Data extracted from a collection:
┌──
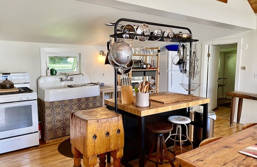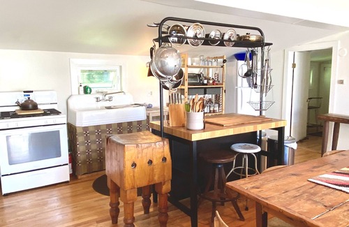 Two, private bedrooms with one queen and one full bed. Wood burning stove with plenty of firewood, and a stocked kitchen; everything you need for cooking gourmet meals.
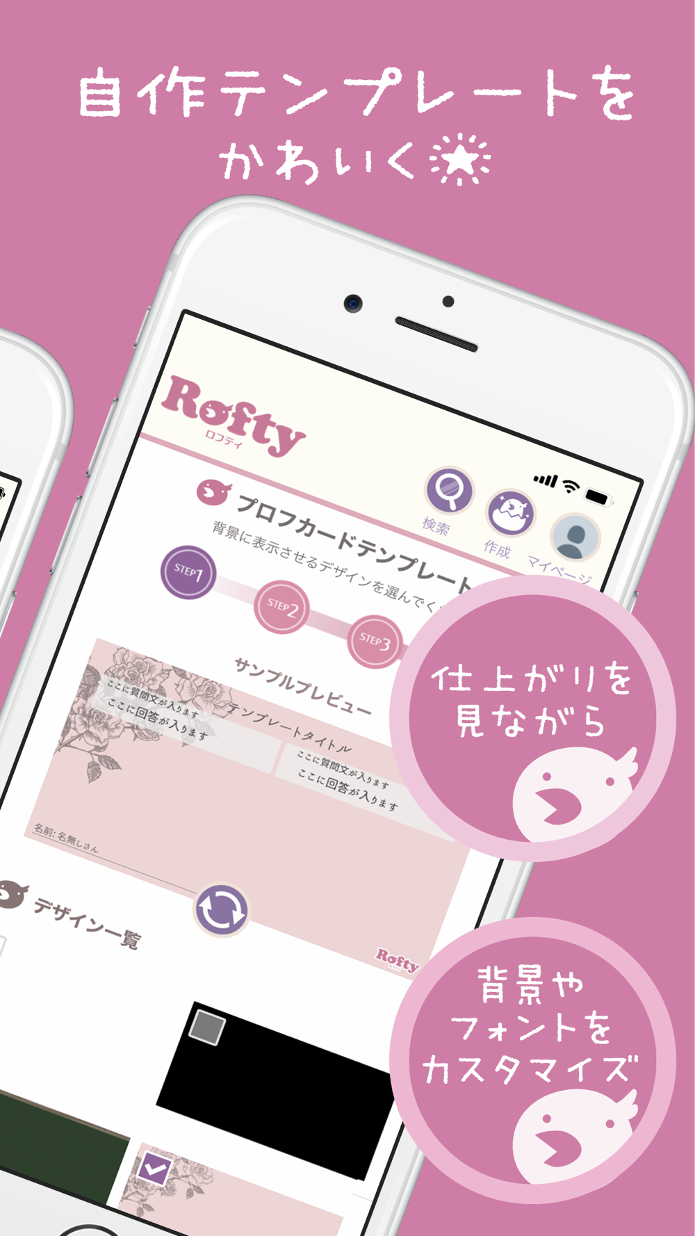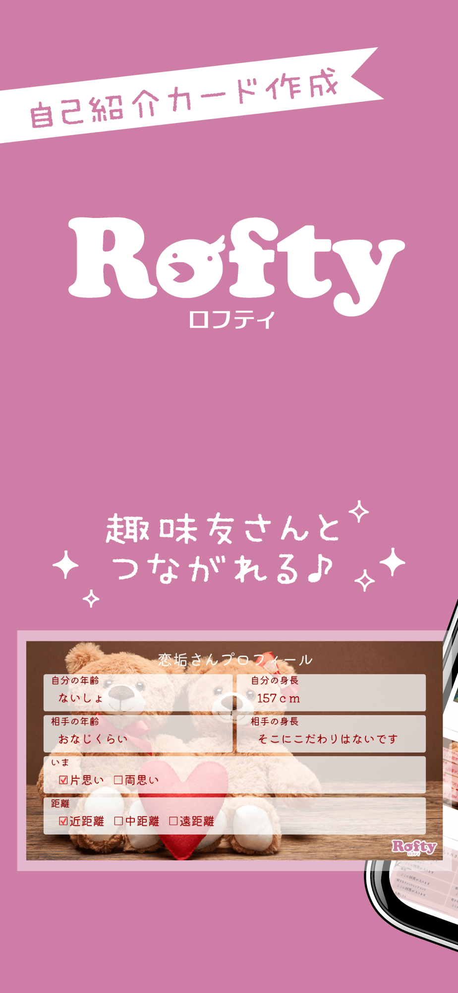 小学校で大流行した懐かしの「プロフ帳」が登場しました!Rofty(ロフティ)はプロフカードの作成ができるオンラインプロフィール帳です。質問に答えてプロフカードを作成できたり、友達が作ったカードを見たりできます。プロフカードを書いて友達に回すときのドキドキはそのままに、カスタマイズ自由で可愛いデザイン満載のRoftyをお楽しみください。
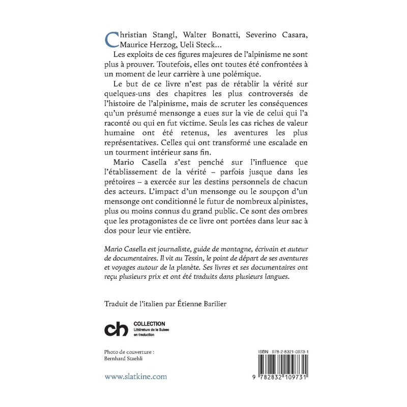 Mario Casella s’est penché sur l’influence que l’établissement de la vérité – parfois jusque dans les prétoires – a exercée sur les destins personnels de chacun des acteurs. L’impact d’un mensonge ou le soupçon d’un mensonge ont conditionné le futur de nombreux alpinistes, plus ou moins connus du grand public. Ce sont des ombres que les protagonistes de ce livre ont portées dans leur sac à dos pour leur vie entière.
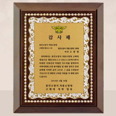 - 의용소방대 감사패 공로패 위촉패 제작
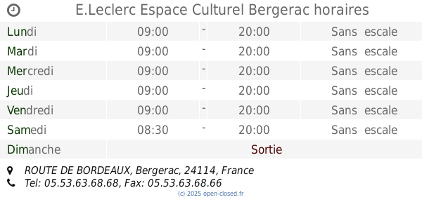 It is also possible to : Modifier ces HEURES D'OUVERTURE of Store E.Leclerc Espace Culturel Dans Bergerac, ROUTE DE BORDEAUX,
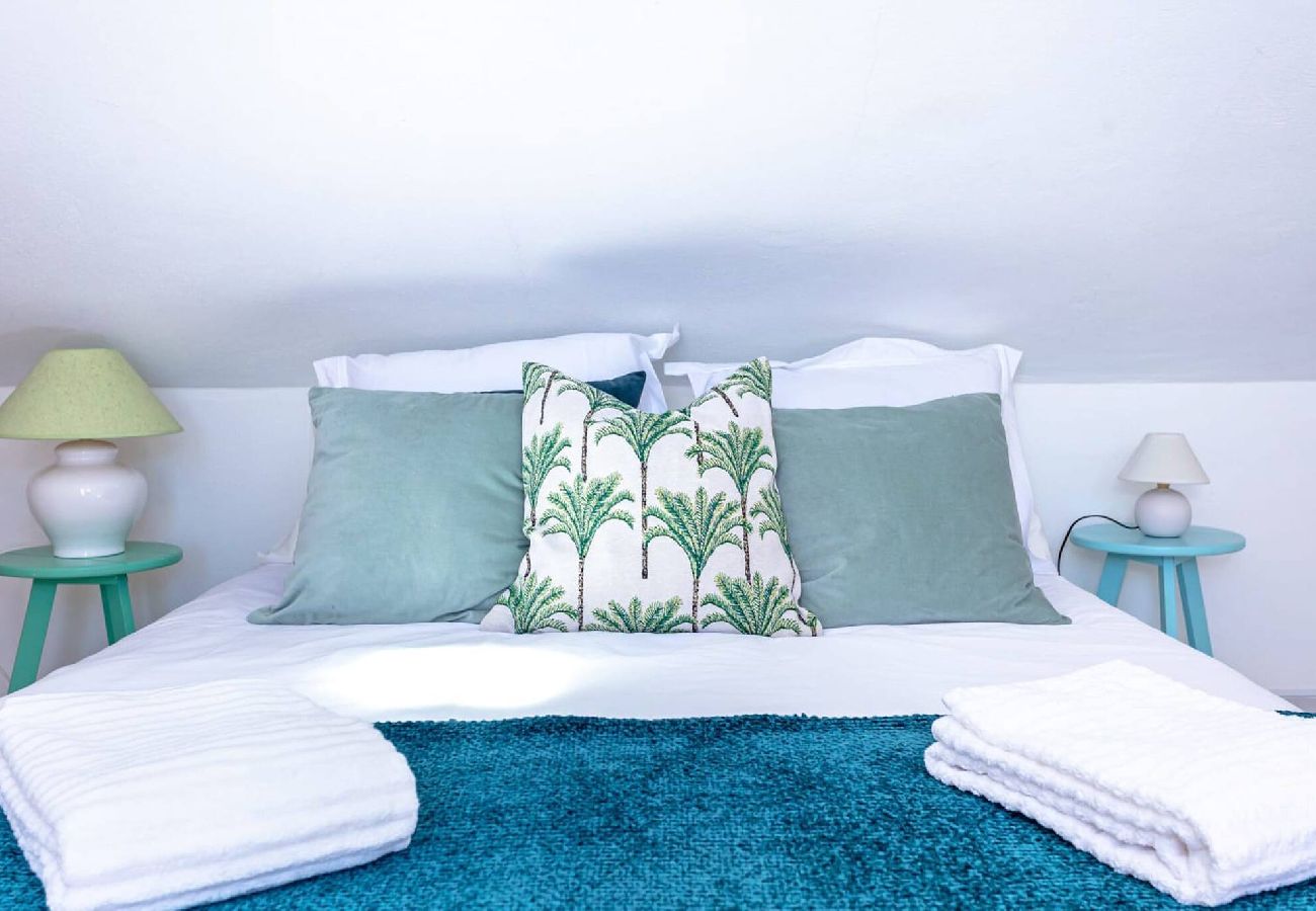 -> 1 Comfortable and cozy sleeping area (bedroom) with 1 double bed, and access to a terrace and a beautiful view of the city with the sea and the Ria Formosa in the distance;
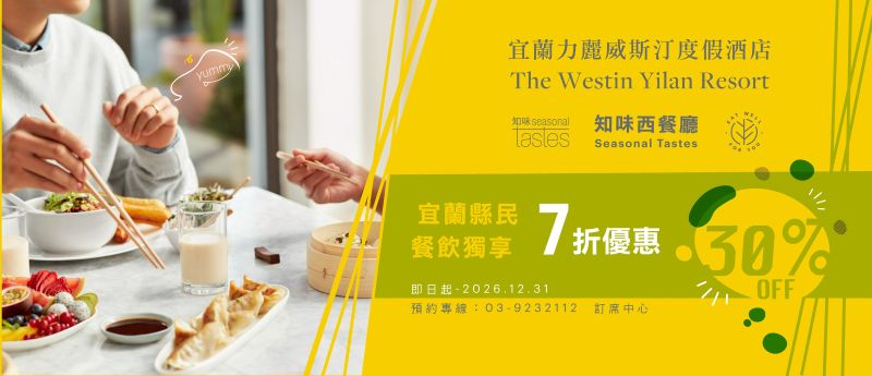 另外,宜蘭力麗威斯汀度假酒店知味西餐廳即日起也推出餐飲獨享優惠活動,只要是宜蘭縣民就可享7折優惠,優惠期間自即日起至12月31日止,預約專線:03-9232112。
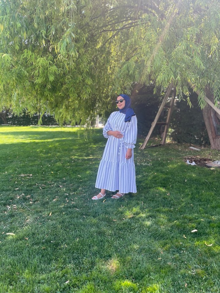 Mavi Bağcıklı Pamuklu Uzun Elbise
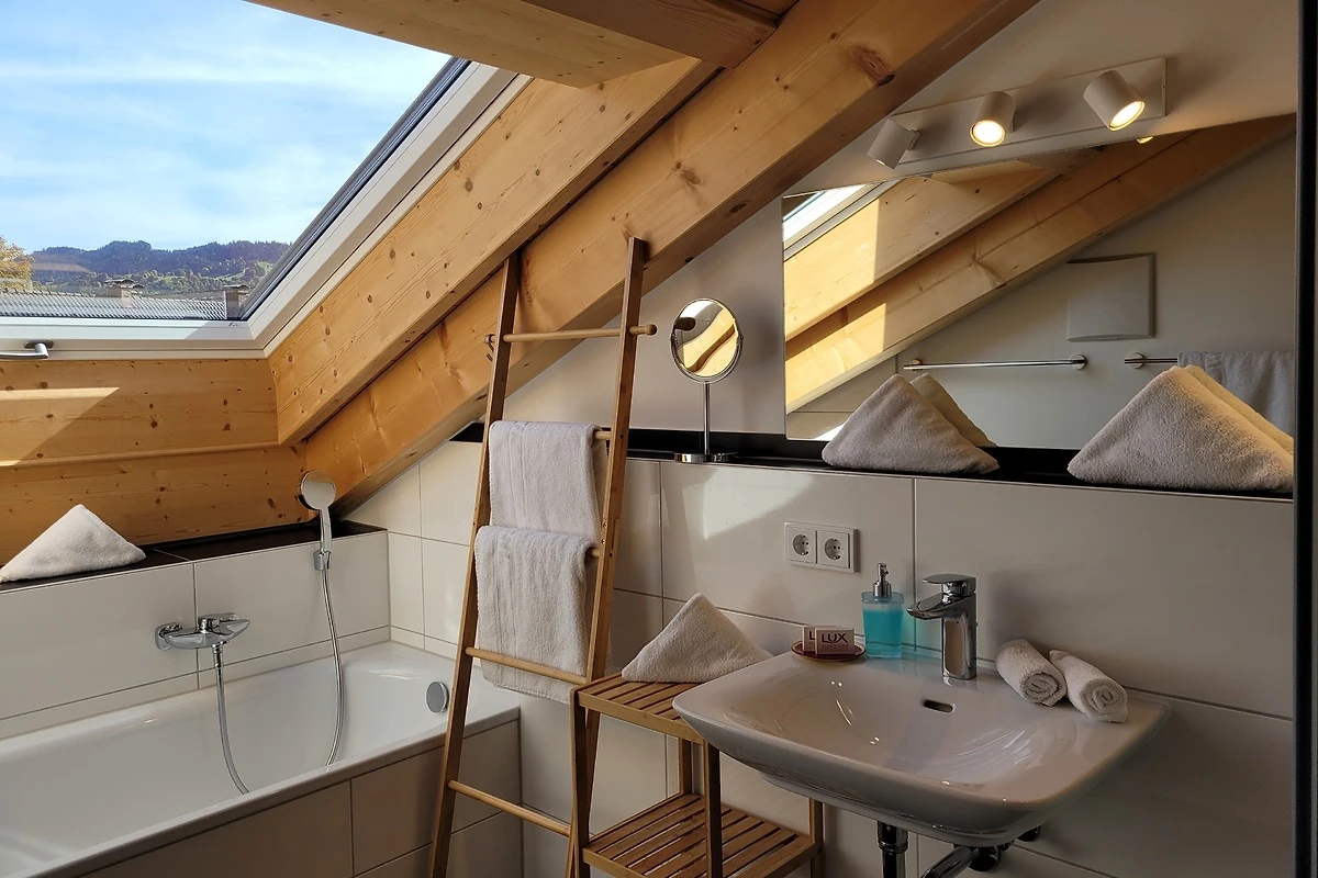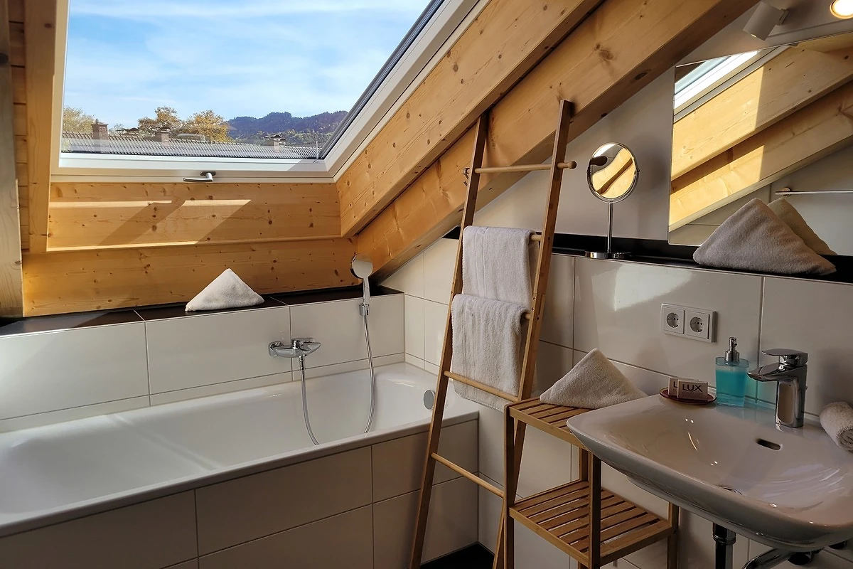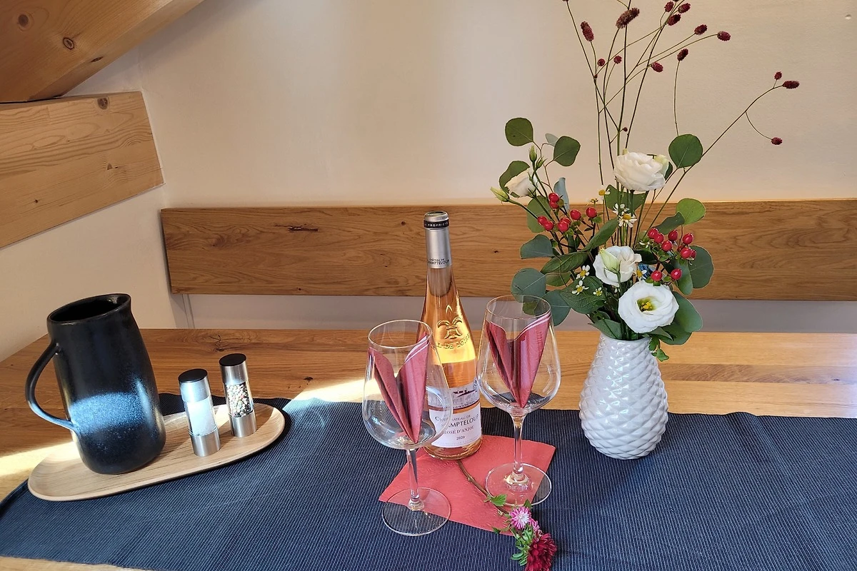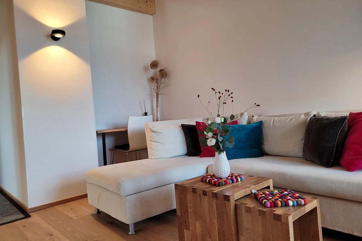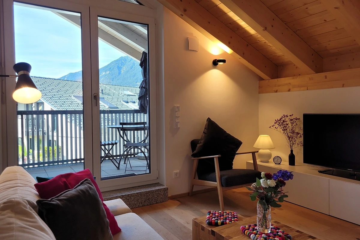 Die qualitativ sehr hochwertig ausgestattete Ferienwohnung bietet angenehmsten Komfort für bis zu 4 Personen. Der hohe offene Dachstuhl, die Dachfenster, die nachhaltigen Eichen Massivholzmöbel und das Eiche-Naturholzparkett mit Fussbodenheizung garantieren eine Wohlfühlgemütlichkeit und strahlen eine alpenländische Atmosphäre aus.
└──
Work instructions
Reproduce all entries exactly. Pictures do not belong in the copy.

Exercise answer
 Two, private bedrooms with one queen and one full bed. Wood burning stove with plenty of firewood, and a stocked kitchen; everything you need for cooking gourmet meals.
 小学校で大流行した懐かしの「プロフ帳」が登場しました!Rofty(ロフティ)はプロフカードの作成ができるオンラインプロフィール帳です。質問に答えてプロフカードを作成できたり、友達が作ったカードを見たりできます。プロフカードを書いて友達に回すときのドキドキはそのままに、カスタマイズ自由で可愛いデザイン満載のRoftyをお楽しみください。
 Mario Casella s’est penché sur l’influence que l’établissement de la vérité – parfois jusque dans les prétoires – a exercée sur les destins personnels de chacun des acteurs. L’impact d’un mensonge ou le soupçon d’un mensonge ont conditionné le futur de nombreux alpinistes, plus ou moins connus du grand public. Ce sont des ombres que les protagonistes de ce livre ont portées dans leur sac à dos pour leur vie entière.
 - 의용소방대 감사패 공로패 위촉패 제작
 It is also possible to : Modifier ces HEURES D'OUVERTURE of Store E.Leclerc Espace Culturel Dans Bergerac, ROUTE DE BORDEAUX,
 -> 1 Comfortable and cozy sleeping area (bedroom) with 1 double bed, and access to a terrace and a beautiful view of the city with the sea and the Ria Formosa in the distance;
 另外,宜蘭力麗威斯汀度假酒店知味西餐廳即日起也推出餐飲獨享優惠活動,只要是宜蘭縣民就可享7折優惠,優惠期間自即日起至12月31日止,預約專線:03-9232112。
 Mavi Bağcıklı Pamuklu Uzun Elbise
 Die qualitativ sehr hochwertig ausgestattete Ferienwohnung bietet angenehmsten Komfort für bis zu 4 Personen. Der hohe offene Dachstuhl, die Dachfenster, die nachhaltigen Eichen Massivholzmöbel und das Eiche-Naturholzparkett mit Fussbodenheizung garantieren eine Wohlfühlgemütlichkeit und strahlen eine alpenländische Atmosphäre aus.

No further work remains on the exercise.